_Work to complete:_ Scan the records beneath this line for the line holding "You can edit" and the line holding "敷地は富士山南麓の町の北部に", then transcribe exactly those two and all lines between.

_Extracted material:_
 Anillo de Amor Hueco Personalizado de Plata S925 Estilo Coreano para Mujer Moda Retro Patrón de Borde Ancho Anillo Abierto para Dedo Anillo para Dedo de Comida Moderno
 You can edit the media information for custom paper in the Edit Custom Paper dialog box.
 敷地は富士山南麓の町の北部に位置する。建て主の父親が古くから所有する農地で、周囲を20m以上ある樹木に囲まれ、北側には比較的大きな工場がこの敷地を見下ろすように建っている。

* * *

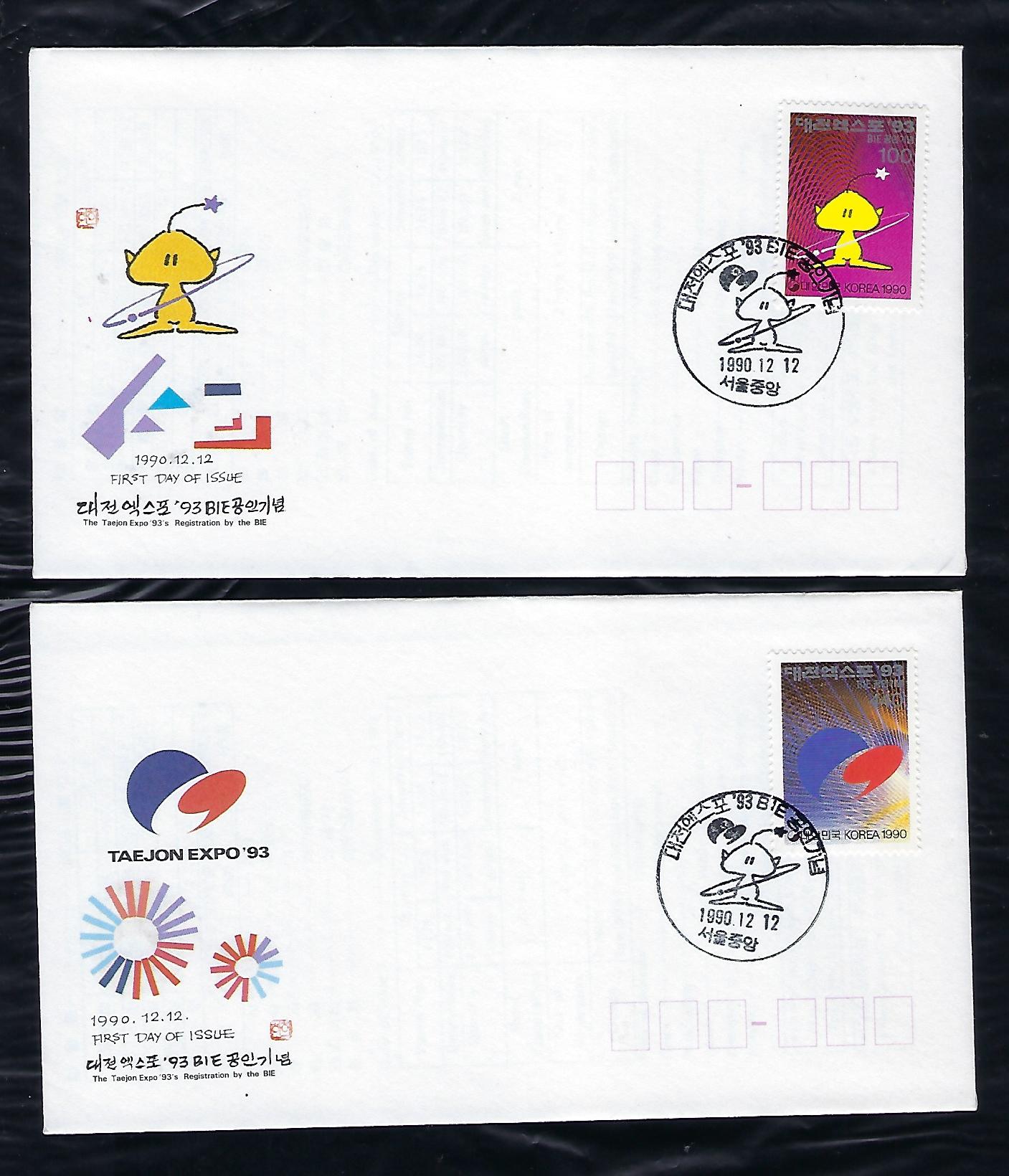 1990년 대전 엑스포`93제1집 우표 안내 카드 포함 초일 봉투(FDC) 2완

--

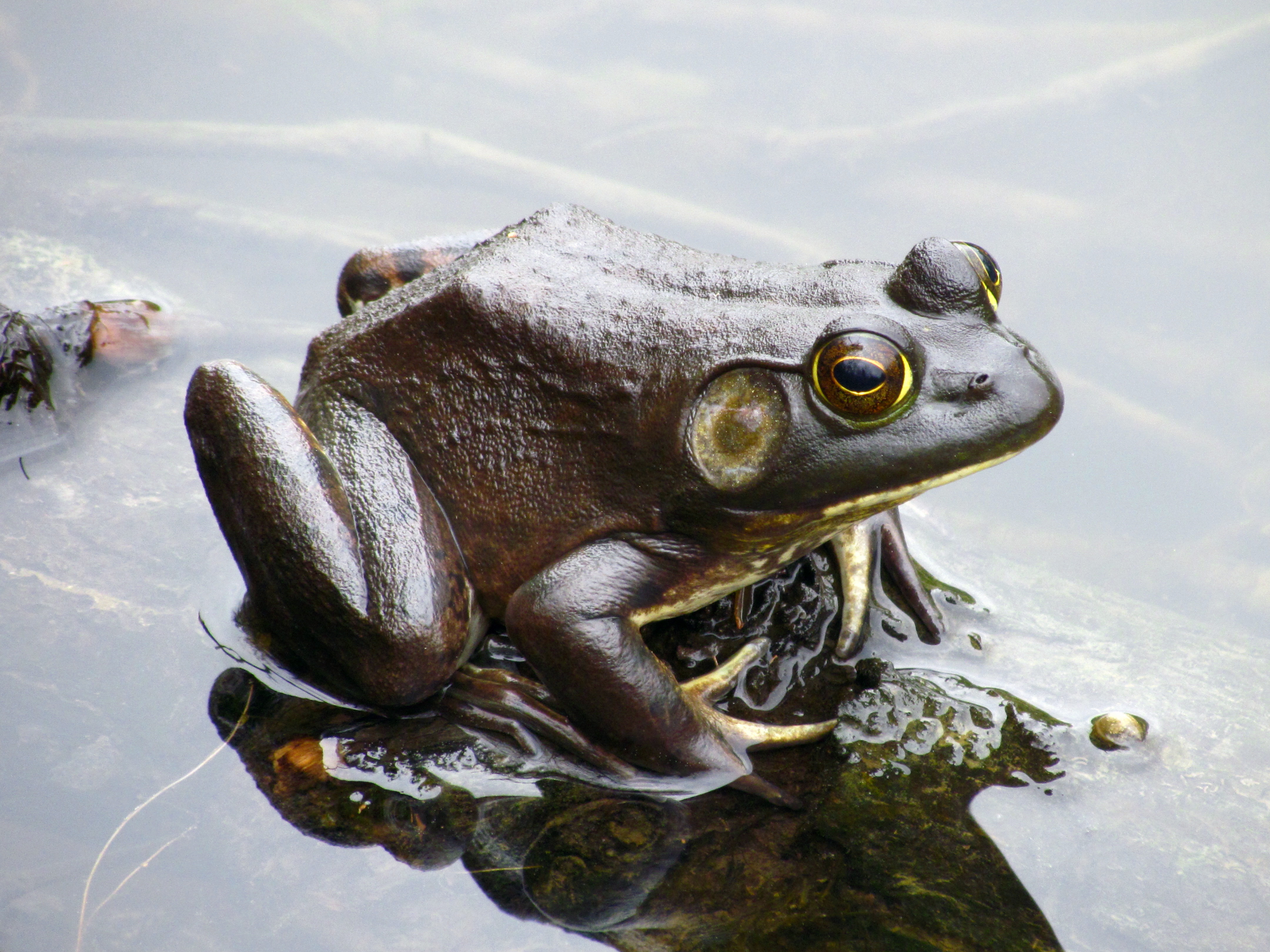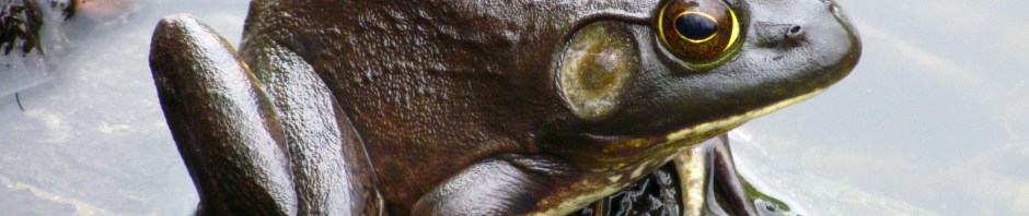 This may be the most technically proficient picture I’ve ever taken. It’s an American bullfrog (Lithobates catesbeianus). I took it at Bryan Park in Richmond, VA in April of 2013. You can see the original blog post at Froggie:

_Reply to the exercise:_
 You can edit the media information for custom paper in the Edit Custom Paper dialog box.
 敷地は富士山南麓の町の北部に位置する。建て主の父親が古くから所有する農地で、周囲を20m以上ある樹木に囲まれ、北側には比較的大きな工場がこの敷地を見下ろすように建っている。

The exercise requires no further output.